For my homelab, where I monitor my Raspberry Pis, I chose to configure Grafana Alerts. Since this is just a personal setup and I don’t use integrations with popular tools like Slack or Teams, I opted for the straightforward email integration. Or so I thought! It turned out not to be as trivial as expected when I realized I didn’t have an SMTP server to send the emails 😄.
That’s when I decided to set up AWS SES to get quick access to an SMTP server. I wrote this article because I couldn’t find a clear, straightforward guide on configuring Grafana Alerts’ email integration with AWS SES.
Setup
I installed Prometheus and Grafana in my k3s cluster using the popular kube-prometheus-stack helm chart. This choice provided a quick and effective way to gain insights into my cluster nodes and pods, thanks to the default setup that includes node-exporter for node metrics and comprehensive baseline dashboards. As part of the helm values, I disabled the alertmanager installation given that I am planning to use Grafana Alerts.

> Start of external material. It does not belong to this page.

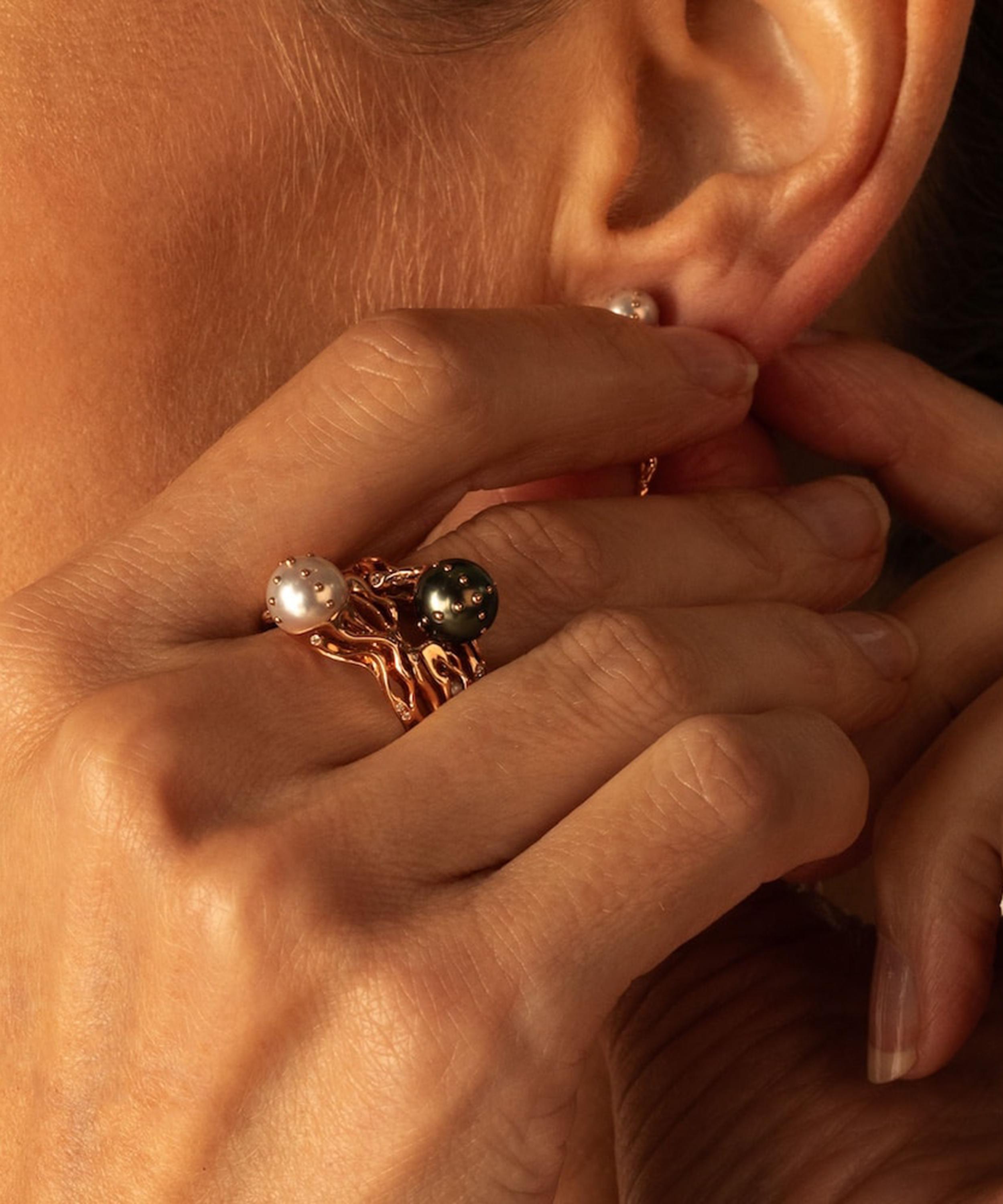 Inspired by the mysteries of the ocean and its secrets hidden beneath the waves, this piece captures the fluid grace of a jellyfish’s tentacles encased in 18ct rose gold. Featuring an otherworldly dance of movement and mystery, its organic silhouette is set with a luminous white pearl and glittering diamonds embedded in the shank, reminiscent of the sun’s shimmering rays dancing upon the water’s surface. Whether styled in a curated ring stack, or as a statement piece, wear it as a symbol of your own evolution – untamed, unapologetic, and entirely unique.

The grafana.ini configuration is stored in the prom-grafana ConfigMap within the namespace where the Helm chart is installed. For testing purposes, we can modify this ConfigMap and restart the prom-grafana pod. Once the testing is complete, we can incorporate the updated grafana.ini configuration into a new Helm release by passing it as a value. Before updating the [smtp] section in grafana.ini, we first need the details of the SMTP server.
AWS SES is a reliable email platform that provides an SMTP server for sending emails using your own domain. It is straightforward to set up but requires a domain that can be verified. In my case, I used the domain I host my website on.
You need to go to the AWS SES setup page and create a new deployment. After the SMTP server is deployed, several tasks will be made available for you to complete before you can use the service to send emails. The mandatory ones are ‘Verify email address’ and ‘Verify sending domain’.
AWS SES will require you to verify any email that you use to send/receive email from while your SES deployment is still in ‘sandbox’ environment. The difference between ‘sandbox’ and ‘production’ environment is that the former has quotas limits imposed, however it should be enough for this demo or any homelab environment where you do not plan to send more than 200 emails in 24 hours. When you start the ‘Verify email address’ task, you will receive an email from AWS with a verification link. Once your click it your email will be available to use in SES.
After you verified your email address, you should verify the domain that you are sending from. SES will ask you to add 4 DNS records to your hosted zone: one TXT record containing DMARC settings and 3 CNAME records containing DKIM records. There are good articles from Cloudflare explaining DMARC records and DKIM records. Usually the DKIM records are in TXT format however AWS SES uses CNAME records pointing to other records containing the DKIM public key.
Having completed the mandatory tasks, you might now be curious about generating the actual SMTP credentials needed for our Grafana configuration. The process for creating these credentials is detailed in this guide. By clicking the “Generate SMTP credentials” button, AWS will prompt you to specify a name for an IAM user, which it will then create with access to your SMTP server. The resulting SMTP username and password will correspond to the access key and secret access key of the newly created IAM user. Make sure to save them after you create the user because you will not be able to access the secret key again (unless you create a new user).
Demo
With our SES configured and SMTP credentials created, we are in a good place to add the SMTP details in the grafana.ini file. In my case, given that Grafana is a deployment as part of the kube-prometheus-stack helm chart, I added the below to the existing prom-grafana ConfigMap:
[smtp]
enabled = true
host = email-smtp.us-east-1.amazonaws.com:465
user = SES_USER_ACCES_KEY
password = SES_USER_SECRET_ACCESS_KEY
startTLS_policy = MandatoryStartTLS
from_address = grafana@alexstan.cloud
from_name = Grafana
After restarting the pod to pick up the latest ConfigMap changes, I went to the Grafana UI and created a new contact point:

When pushing a test alert, I could see an email from Grafana, having the same configuration which I setup in the grafana.ini file:

Conclusion
I hope that this quick tutorial provided enough details on how to configure email alerts in Grafana Alerts using AWS SES as an SMTP server. Unless you have noisy alerts, you will probably incurr no costs for this given that you have a free quota of 3k emails sent per month. Until next time, happy learning!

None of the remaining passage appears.